#### [What is expected]
From the listing that follows, output everything exactly except the pictures.

#### [Collected data]
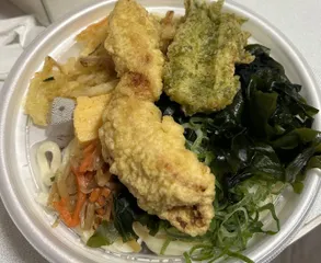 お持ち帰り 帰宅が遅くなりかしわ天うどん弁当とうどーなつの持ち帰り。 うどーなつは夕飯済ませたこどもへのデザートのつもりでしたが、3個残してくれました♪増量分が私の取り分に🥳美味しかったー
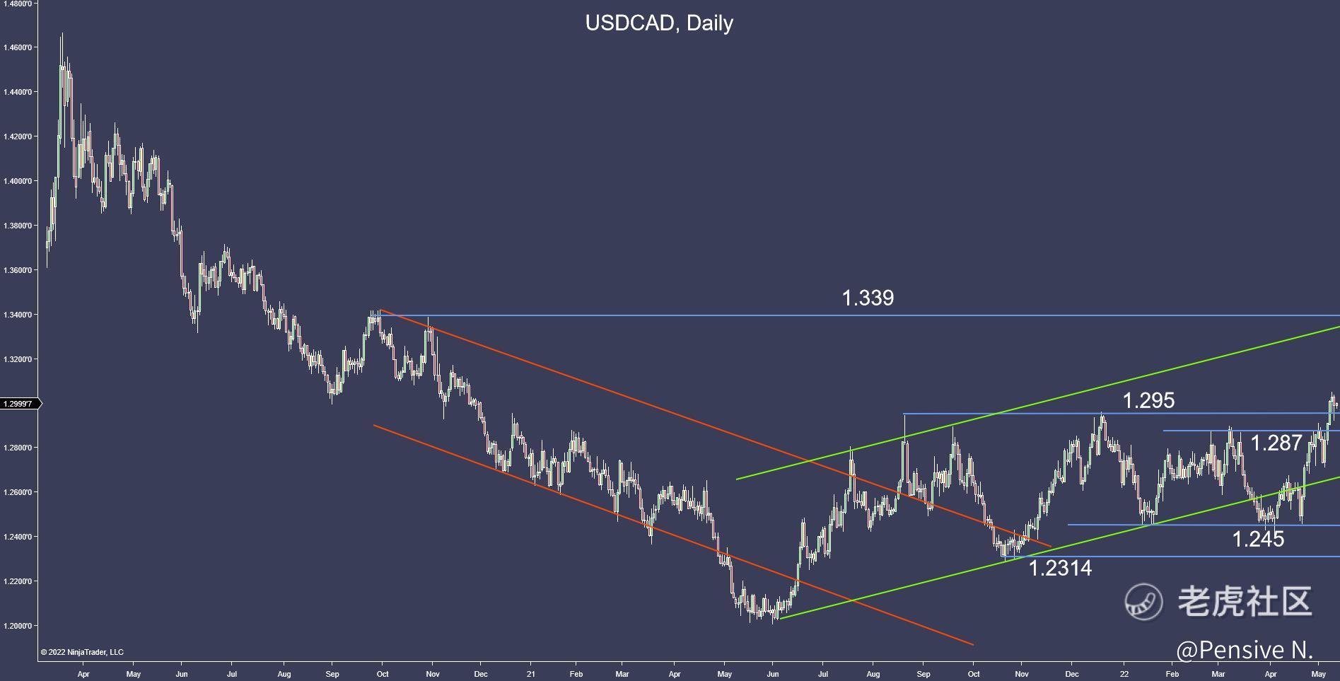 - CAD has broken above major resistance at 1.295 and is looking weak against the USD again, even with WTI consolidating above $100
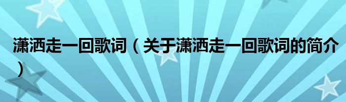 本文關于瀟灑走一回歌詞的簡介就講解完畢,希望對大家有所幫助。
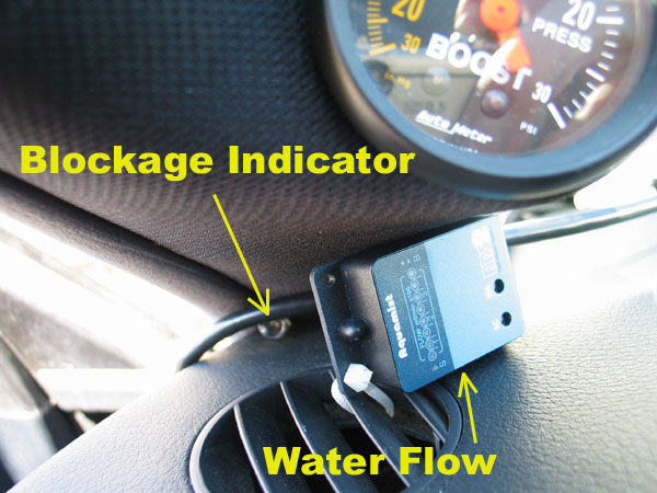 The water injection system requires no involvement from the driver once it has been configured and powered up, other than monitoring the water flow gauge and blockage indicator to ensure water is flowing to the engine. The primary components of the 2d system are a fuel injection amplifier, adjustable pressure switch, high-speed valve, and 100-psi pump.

#### [Problem solution]
 お持ち帰り 帰宅が遅くなりかしわ天うどん弁当とうどーなつの持ち帰り。 うどーなつは夕飯済ませたこどもへのデザートのつもりでしたが、3個残してくれました♪増量分が私の取り分に🥳美味しかったー
 - CAD has broken above major resistance at 1.295 and is looking weak against the USD again, even with WTI consolidating above $100
 本文關于瀟灑走一回歌詞的簡介就講解完畢,希望對大家有所幫助。
 The water injection system requires no involvement from the driver once it has been configured and powered up, other than monitoring the water flow gauge and blockage indicator to ensure water is flowing to the engine. The primary components of the 2d system are a fuel injection amplifier, adjustable pressure switch, high-speed valve, and 100-psi pump.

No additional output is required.